Well, 1 + floor(Int, rand()*N))
should be bias free and indeed appears to be significantly faster than rand(1:N)
. But the fact that OP seriously messed up the expression is a decent anecdotal argument for why people should usually use the simpler formulation anyway.
Beautiful demonstration of the underlying fair uniformly distributed random number generator AND rounding intervals.
Also see random sampling from an (abstract)array is slow · Issue #20582 · JuliaLang/julia · GitHub
Yeah, Int(ceil(N*rand())) is seems unbias and is much faster. My code is performance critical, so I need all the speed boosts I can get.
As long as N
is not too big then the bias is very small. Biases become visible for big N
, for example:
julia> N=10^16; M=10^6; mean(iseven(Int(ceil(N*rand()))) for i in 1:M)
0.549885
julia> N=10^16; M=10^6; mean(iseven(rand(1:N)) for i in 1:M)
0.500379
[@bkamins has corrected benchmarks]
You might also have a look at this Julia snippets: Basics of generating random numbers in Julia (it is Julia 0.6 based but the reasons for the bias have not changed).
Having said that for very small N
in very tight loops I use the approximate formula as the bias is small and it is significantly faster (see the corrected benchmark below - also you have to use 1+floor
not ceil
as ceil
can produce 0
):
julia> f1(N=5,M=10^6) = mean(iseven(1+floor(Int, N*rand())) for i in 1:M)
f1 (generic function with 3 methods)
julia> f2(N=5,M=10^6) = mean(iseven(rand(1:N)) for i in 1:M)
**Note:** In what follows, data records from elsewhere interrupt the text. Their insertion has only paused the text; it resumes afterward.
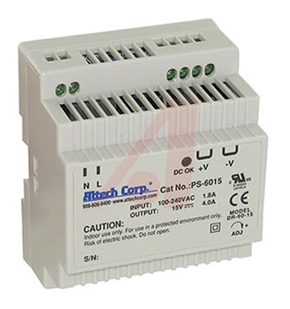This is PS-60 Switch Mode DIN Rail Power Supply 60W 15V dc/ 4A manufactured by Altech. The manufacturer part number is PS-6015. The product has +60°c maximum temperature. It has a/an dc output voltage . While its minimum temperature is -20°c. It has ac, dc input voltage. Furthermore, the product is 78mm wide. The MTBF values include 216.2kh. Its electrical phase configuration includes 1. It comes in switch mode configuration. The product complies with all safety standards, such as compliance to en 55011, compliance to en 61000-3-2, -3, compliance to en 61000-4-2, 3 ,4, 5, 6, 8, 11, design refer to en 50178, en 55022 (cispr22) class b, en 55024, en 60950-1 approved, en 61000-6-2, en 61204-3, env 50204, ul 60950-1. It is a highly efficient product with an 83.0% of high efficiency. Its input voltage is 88 → 264v ac. Additionally, the product is supplied with 1 outputs. It has 13.5 to 16.5v of output voltage adjustment range. Carries 120mv pk-pk ripple and noise. The product comes in 56mm depth. The product also provides special features, such as cooling by free air convection, led indicator. The product is available in din rail mount configuration. It carries 4a output current. The product ps-60, is a highly preferred choice for users. In addition, the height is 93mm. Features a 15v dc output voltage. Feature 60w of power rating.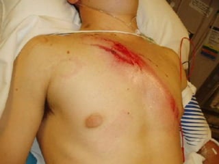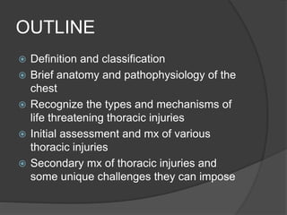 This document outlines the anatomy of the chest and describes various types of chest trauma, including blunt and penetrating injuries. It discusses the initial assessment and management of life-threatening injuries like tension pneumothorax, massive hemothorax, and cardiac tamponade. The document also covers procedures like needle decompression, tube thoracostomy, and emergency department thoracotomy that may be used to treat severe chest trauma. Overall, the document emphasizes the importance of promptly identifying and treating life-threatening injuries to the chest.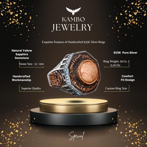 Bu el yapımı yüzük, 925 Ayar Gümüşten üretilmiştir ve canlı sarı rengi ile bilinen gerçek bir Sarı Safir taşına sahiptir. Yüzüğün tasarımı, İslam’ın en kutsal yerlerinden biri olan Al-Aqsa Camii’nin detaylı betimlemesiyle daha da zenginleştirilmiştir ve bu, inancını ve mirasını değerli bulanlar için anlamlı bir parça haline getirir.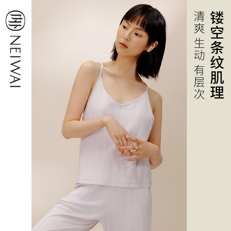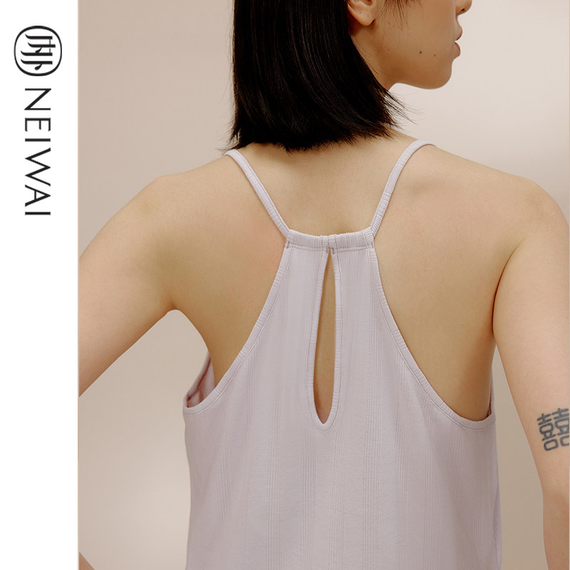 NEIWAI inside and outside girl's long suede cotton pick hole harness sleeping vest Home Jacket Hollowed-out Striped Daily Casual

f2 (generic function with 3 methods)
julia> @btime f1()
9.020 ms (0 allocations: 0 bytes)
0.400145
julia> @btime f2()
17.681 ms (0 allocations: 0 bytes)
0.399574
The algorithm here: https://arxiv.org/abs/1805.10941
is faster and is claimed to be unbiased.
EDIT: (Skip this. Corrected and improved code is in my following post)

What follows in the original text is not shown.